Whatever I may think about FB and other nasty corps having far too much access to and control over our private communications, new mums really do need each others' support and for this to be as readily accessible as possible, without having to carry out technical tasks of the kind I do to keep social networking going on the forums I host on my own server well away from corp control.

</rant>

Microsoft confesses to New Year Hotmail blunders

copsewood
Terminator

Hotmail users are not customers

Hotmail users get what they should expect based upon what they pay for it. Why should Microsoft treat Hotmail users with any respect ? To the extent the commercial logic of this facility suggests Microsoft should give any Hotmail stakeholder respect, they should care about their customers i.e. those who pay the bills in exchange for being served the attention and (barely) anonymised personal data of the users.

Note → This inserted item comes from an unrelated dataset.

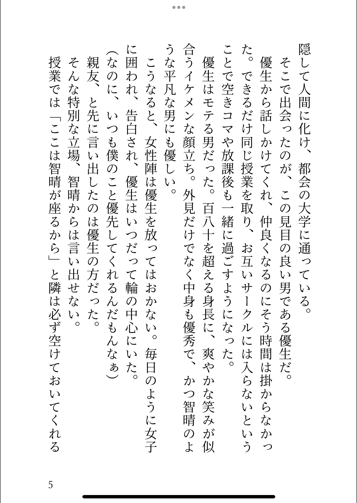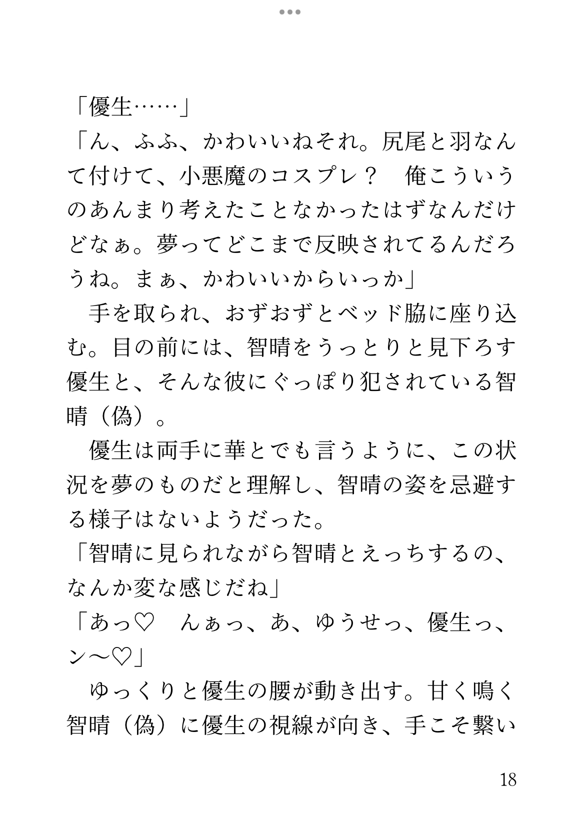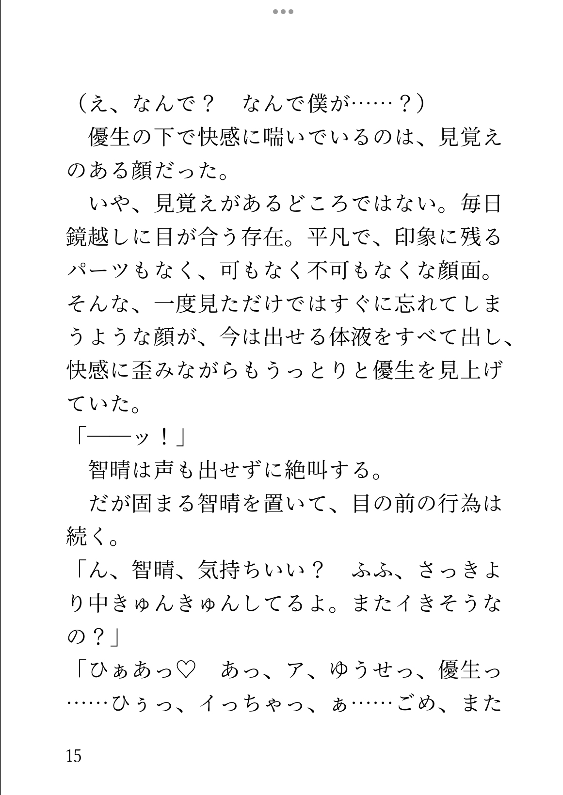 少しの気まずさを抱えながらも向かった智晴は、そこで犯されているのが自分なことに気づく。甘い声を上げながら優生に揺さぶられている、夢の中の幻の自分。たっぷりと腹の中に精液を出されるその偽物に、智晴は気づけば嫉妬を覚えていた。

Hotmail's users are the commodity being sold to their customers.

Councils show true grit in the face of ... FOI requests

copsewood
Boffin

balance needed

The chances are that many council officials are corrupt and that many are honest as this seems to be the case in almost any other business or profession.

Given the advantages to the honest negotiator of being able to negotiate confidentially, as opposed to every message in a negotiation being immediately published, would it not strike a sensible balance to have such messages and prices paid embargoed for a period of say 1 year ? Would it not make sense for everything to be published automatically or made accessible through FOI soon enough to allow for public scrutiny without forcing our public servants entrusted with making purchasing decisions on our behalf to negotiate with both hands tied behind their backs ?

You could argue that if both buyer and seller do such an outrageously overpriced deal that they can both afford to go on a runner that this would not create the level of accountability needed. But I think considering the hoops a business has to jump through to be able to tender for government or local authority purchases in the first place and the scrutiny purchase orders get within the bureacracy between being signed and being paid, that this scenario doesn't seem very likely.